I do not know, as I really don't know what the issue is here.

I trust that you, and the others, can come up with a fix for mainline
properly, and if it applies to the stable tree, feel free to forward it
to stable@kernel.org for submission then.

thanks,

greg k-h

^ permalink raw reply	[flat|nested] 22+ messages in thread

* Re: cpumask: fix compat getaffinity
  2010-05-11  9:05       ` Arnd Bergmann
@ 2010-05-12  0:52         ` KOSAKI Motohiro
  0 siblings, 0 replies; 22+ messages in thread
From: KOSAKI Motohiro @ 2010-05-12  0:52 UTC (permalink / raw)
  To: Arnd Bergmann
  Cc: kosaki.motohiro, Rusty Russell, linux-kernel, stable, Andi Kleen,
	Ken Werner

> On Tuesday 11 May 2010, Rusty Russell wrote:
> > cpumask: use nr_cpu_ids for printing and parsing cpumasks
> > 
> > Commit a45185d2d "cpumask: convert kernel/compat.c" broke
> > libnuma, which abuses sched_getaffinity to find out NR_CPUS
> > in order to parse /sys/devices/system/node/node*/cpumap.
> > 
> > However, the result now returned reflects nr_cpu_ids, and
> > cpumask_scnprintf et al. use nr_cpumask_bits which is NR_CPUS (for
> > CONFIG_CPUMASK_OFFSTACK=n) or nr_cpu_ids (for
> > CONFIG_CPUMASK_OFFSTACK=y).
> > 
> > We should use nr_cpu_ids consistently.
> > 
> > Reported-by: Arnd Bergmann <arnd@arndb.de>
> > Signed-off-by: Rusty Russell <rusty@rustcorp.com.au>
> > Cc: stable@kernel.org
> 
> It looks like this changes fixes the compat case, but now
> the native system call would be inconsistent with the
> sysfs output. 
> 
> Wouldn't you also need something like the change below
> to make the return value of sched_getaffinity() independent
> of NR_CPUS?
> 
> Signed-off-by: Arnd Bergmann <arnd@arndb.de>

Looks good. but please rebase it on latest linus-tree. in linus tree,
we are already using nr_cpu_ids instead NR_CPUS.

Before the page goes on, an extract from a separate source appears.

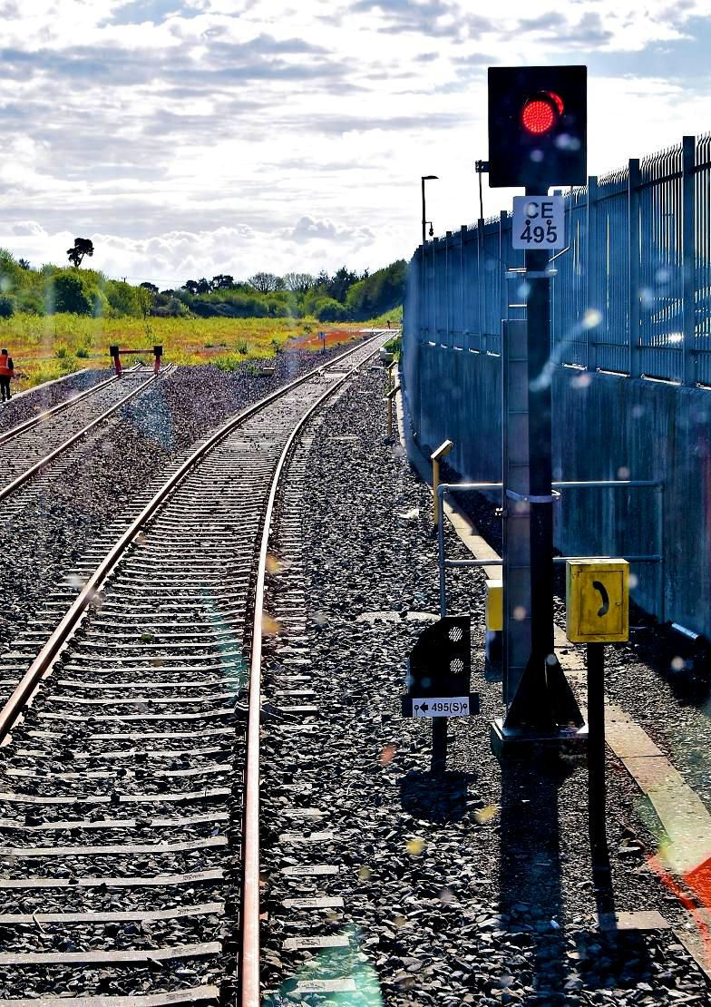 Taken through the unit's windscreen. The rarest track of the tour; the east (Youghal) end continuation beyond Midleton P1 which deviates right. The main signal is a fixed red but the Ground Position Signal is set for the tour to proceed, which it did. The 5' 3" broader standard gauge is evident.

And I'm sorry. at making such change, I've forgot to care compat
syscall, your patch fixes it ;)




^ permalink raw reply	[flat|nested] 22+ messages in thread

* Re: cpumask: fix compat getaffinity
  2010-05-11  3:13         ` [stable] " Greg KH
  2010-05-11  5:51           ` Rusty Russell
  2010-05-11  6:20           ` KOSAKI Motohiro
@ 2010-05-12  8:30           ` Milton Miller
  2010-05-14 12:39             ` Rusty Russell
  2010-06-22 23:30             ` Rusty Russell
  2 siblings, 2 replies; 22+ messages in thread
From: Milton Miller @ 2010-05-12  8:30 UTC (permalink / raw)
  To: Arnd Bergmann, KOSAKI Motohiro, Rusty Russell, Greg KH
  Cc: linux-kernel, stable


At least for parsing, we need to allocate and parse NR_CPUS until
all places like arch/powerpc/platforms/pseries/xics.c that compare a
user-supplied mask to CPUMASK_ALL are eliminated.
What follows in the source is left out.